2021-02-21 Thread Alexandre Ghiti
At early boot stage, we have a whole PGDIR to map the kernel, so there
is no need to restrict the early mapping size to 128MB. Removing this
define also allows us to simplify some compile time logic.

This fixes large kernel mappings with a size greater than 128MB, as it
is the case for syzbot kernels whose size was just ~130MB.

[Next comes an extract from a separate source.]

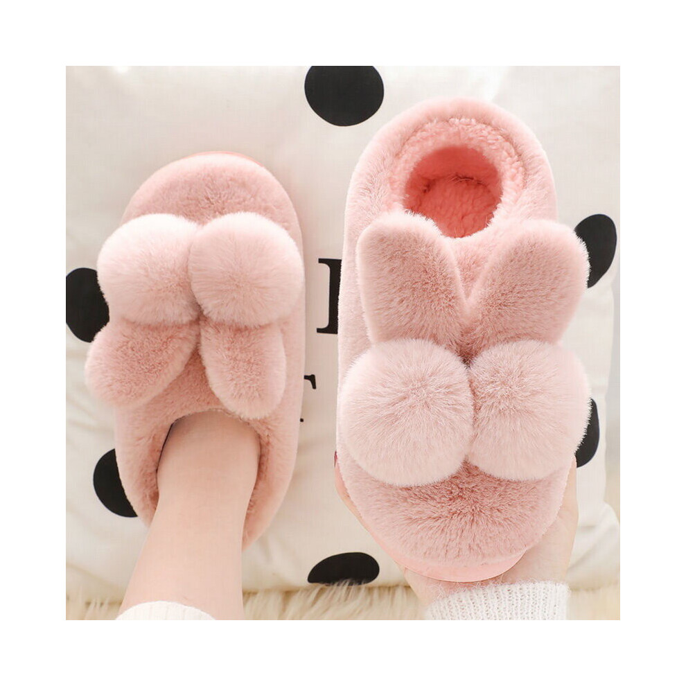 Women's Shoes Rabbit Ear Floor Indoor Cotton Slippers Men Warm Winter Shoes Women Non-Slip Thick Bottom House Female Slippers

Note that on rv64, for now, we are then limited to PGDIR size for early
mapping as we can't use PGD mappings (see [1]). That should be enough
given the relative small size of syzbot kernels compared to PGDIR_SIZE
which is 1GB.

[1] https://lore.kernel.org/lkml/20200603153608.30056-1-a...@ghiti.fr/

Reported-by: Dmitry Vyukov 
Signed-off-by: Alexandre Ghiti 
---
 arch/riscv/mm/init.c | 21 +
 1 file changed, 5 insertions(+), 16 deletions(-)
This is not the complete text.